Up to now, AI companies have accessed YouTube’s vast resources of videos, captions, and other materials without seeking permission. A startup focused on content licensing for AI, named Calliope Networks, aims to alter this trend with its initiative called “License to Scrape,” which directly targets YouTube creators.
“There’s clear interest from AI companies to gather YouTube content, as evidenced by their ongoing actions. Our objective is to develop a tool that facilitates legal and straightforward access for them,” states Calliope Networks CEO Dave Davis. In contrast to large social platforms like Reddit, YouTube hasn’t formed agreements with major AI firms to allow scraping of its videos. The benefit of the License to Scrape is its ability to bypass the need for YouTube itself to provide a massive archive of content at once, instead organizing a collective of creators to negotiate a comprehensive license.
Davis, who previously worked in traditional media licensing and left his position at the Motion Picture Licensing Corporation to establish Calliope, believes that the AI sector will shift from unapproved scraping to a licensing framework. This perspective is gaining traction, coinciding with a surge in startups focused on AI data licensing. Calliope Networks is a founding member of the Datasets Providers Alliance, a group that mandates all creators and rights holders to consent to scraping.
Davis envisions the following process: YouTube creators willing to license their content will forge an agreement with Calliope, which will, in turn, sublicense the material for training generative AI models. To make the venture appealing to AI companies, a substantial amount of content will be essential, so the initiative must rally enough YouTubers before it can effectively commence. Calliope would retain a share of the licensing fees collected from the AI firms.
While there isn’t currently a similar approach in the AI sector, Davis has crafted the scraping license format by drawing inspiration from established practices within the entertainment field, such as those used by Broadcast Music Inc. (BMI) and the American Society of Composers, Authors, and Publishers (ASCAP), both of which implement blanket licenses for music.
“We are still in the preliminary recruitment phase,” Davis notes. He anticipates that Calliope will need to provide a minimum of 25,000 to 50,000 hours of YouTube content to gain traction within the AI realm. The necessity for this substantial amount of footage highlights the importance of collaboration among creators in monetizing AI training—volume plays a crucial role in this industry, as video generators rely on vast quantities of data.

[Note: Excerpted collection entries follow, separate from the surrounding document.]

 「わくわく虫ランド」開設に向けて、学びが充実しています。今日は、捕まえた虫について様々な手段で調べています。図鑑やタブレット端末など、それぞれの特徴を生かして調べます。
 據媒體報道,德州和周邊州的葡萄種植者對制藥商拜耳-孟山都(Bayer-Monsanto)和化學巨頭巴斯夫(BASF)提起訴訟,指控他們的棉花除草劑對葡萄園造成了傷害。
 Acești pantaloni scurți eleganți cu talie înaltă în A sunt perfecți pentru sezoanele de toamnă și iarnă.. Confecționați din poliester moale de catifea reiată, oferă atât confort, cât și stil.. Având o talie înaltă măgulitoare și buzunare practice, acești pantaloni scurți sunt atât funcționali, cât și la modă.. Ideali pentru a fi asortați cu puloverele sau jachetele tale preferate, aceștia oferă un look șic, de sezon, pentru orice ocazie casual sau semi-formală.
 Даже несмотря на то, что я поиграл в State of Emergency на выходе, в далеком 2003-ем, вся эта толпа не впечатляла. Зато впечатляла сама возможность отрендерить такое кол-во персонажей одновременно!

At this point, no major influencers have publicly backed the license; however, Calliope has already approached several influencer marketing agencies, including Viral Nation, to onboard clients. “The feedback from creators has been extremely positive,” shares Bianca Serafini, the head of content licensing at Viral Nation. She is optimistic that a significant portion of their nearly 900 YouTube creators will get involved. “This is the first time we’ve been presented with something like this.”
So, what is YouTube’s perspective on this initiative? While Davis has not collaborated directly with the platform regarding this project, he believes that it aligns with YouTube’s goals. “I think YouTube aims to empower creators with greater control,” Davis explains.

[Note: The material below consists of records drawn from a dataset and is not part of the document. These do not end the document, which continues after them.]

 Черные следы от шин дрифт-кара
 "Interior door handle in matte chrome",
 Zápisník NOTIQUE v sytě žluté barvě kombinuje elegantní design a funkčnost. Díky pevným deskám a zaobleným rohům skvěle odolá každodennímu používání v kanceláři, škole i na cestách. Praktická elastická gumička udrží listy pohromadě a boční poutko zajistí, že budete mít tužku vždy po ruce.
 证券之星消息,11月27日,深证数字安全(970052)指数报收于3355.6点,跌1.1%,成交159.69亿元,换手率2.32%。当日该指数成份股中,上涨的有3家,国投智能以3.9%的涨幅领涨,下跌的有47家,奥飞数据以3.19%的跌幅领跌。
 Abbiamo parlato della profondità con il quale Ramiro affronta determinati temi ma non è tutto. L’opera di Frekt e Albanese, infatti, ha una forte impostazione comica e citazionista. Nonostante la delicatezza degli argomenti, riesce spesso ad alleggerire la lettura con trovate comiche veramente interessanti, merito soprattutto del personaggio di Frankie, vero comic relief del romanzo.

While YouTube refrains from commenting on specific licensing firms, it does advocate for users to form their own agreements. “In general, creators can negotiate arrangements with third-party companies regarding their content on our platform,” states YouTube spokesperson Jack Malon. He highlighted that the company has recently issued a blog post outlining its commitment to providing YouTubers with “more control” in the era of AI. A key aspect for YouTube is obtaining authorization or explicit permission: “Unauthorized access to creator content is against YouTube’s Terms of Service, and we will continue to implement measures to ensure third parties uphold these terms.”
The success of the License to Scrape program hinges not just on attracting prominent YouTubers, but also on a significant transformation in how AI companies approach foundational training. With over 30 copyright cases concerning permissionless data-scraping currently underway in US courts, such a transformation may eventually be legally required. Nevertheless, as text-to-video generation tools typically demand vast amounts of high-quality data to function effectively, the quest for new data sources may need to adopt a different strategy.

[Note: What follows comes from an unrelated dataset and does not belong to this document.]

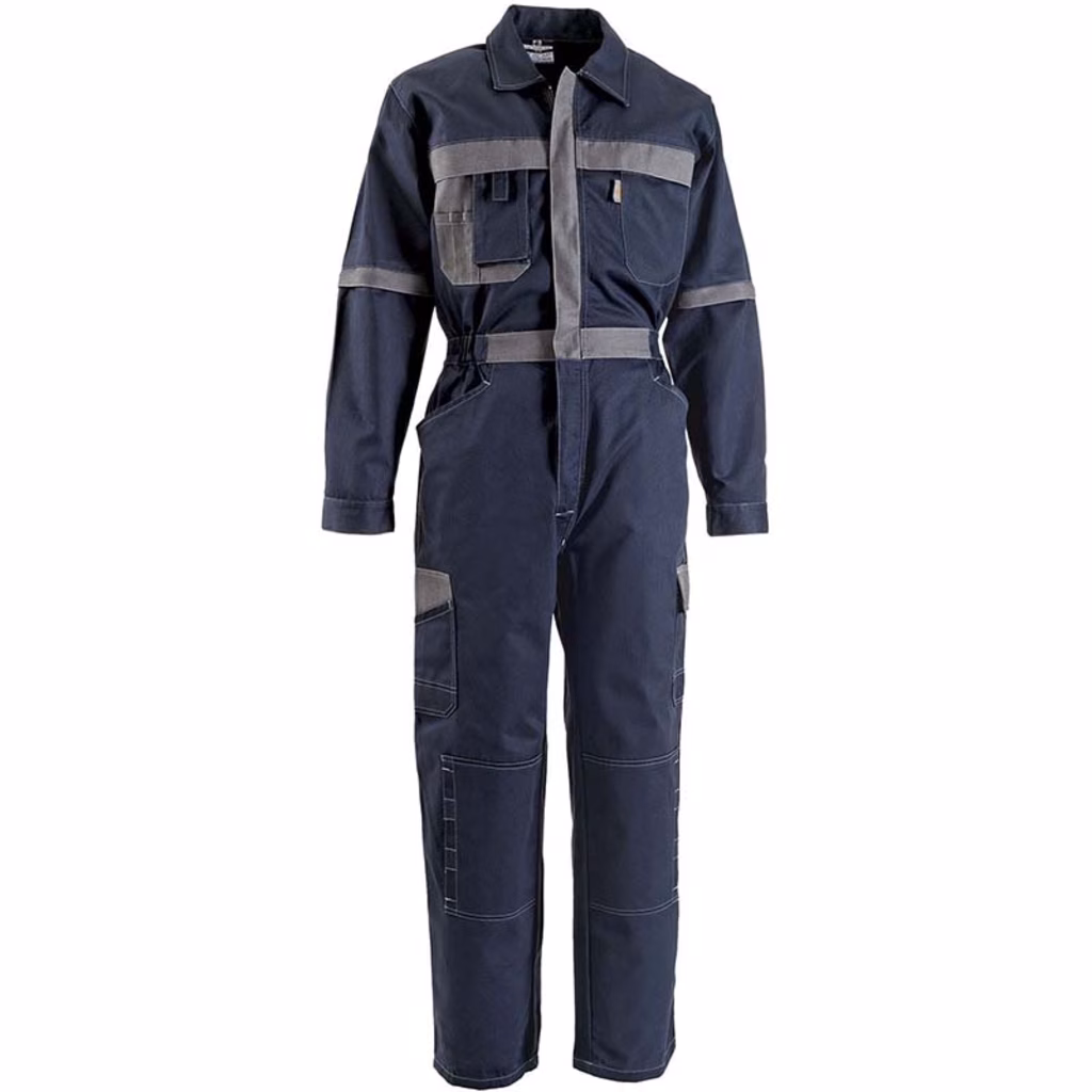 Tuta lavoro modello Globo con cerniera coperta - elastico in vita - velcro ai polsi - mezze maniche staccabili con cerniera - due tasche anteriori - due tasche posteriori con velcro - taschino con portapenne e portacellulare al petto - tascone con pattina su gamba sinistra- doppia tasca applicata su gamba destra - aperture per inserimento protezioni alle ginocchia

Until then, it remains uncertain if major AI firms intend to cease their data scraping activities on what they label as “publicly available” information from sites like YouTube. When they secure agreements that encompass foundational model training—such as AI startup Runway partnering with movie studio Lionsgate—the data typically isn’t “publicly available.” Most agreements they are forging with platforms and publishers are geared towards supplying content for AI search products like SearchGPT rather than foundational model training. Recently, after facing a legal threat from the well-known UK-based parenting forum Mumsnet, OpenAI informed WIRED of its primary interest in licensing large datasets that aren’t publicly accessible.
Meanwhile, proponents of this initiative believe it’s essential to advance rather than waiting for AI companies to exhibit interest. “We just have to get ahead of this,” asserts Serafini.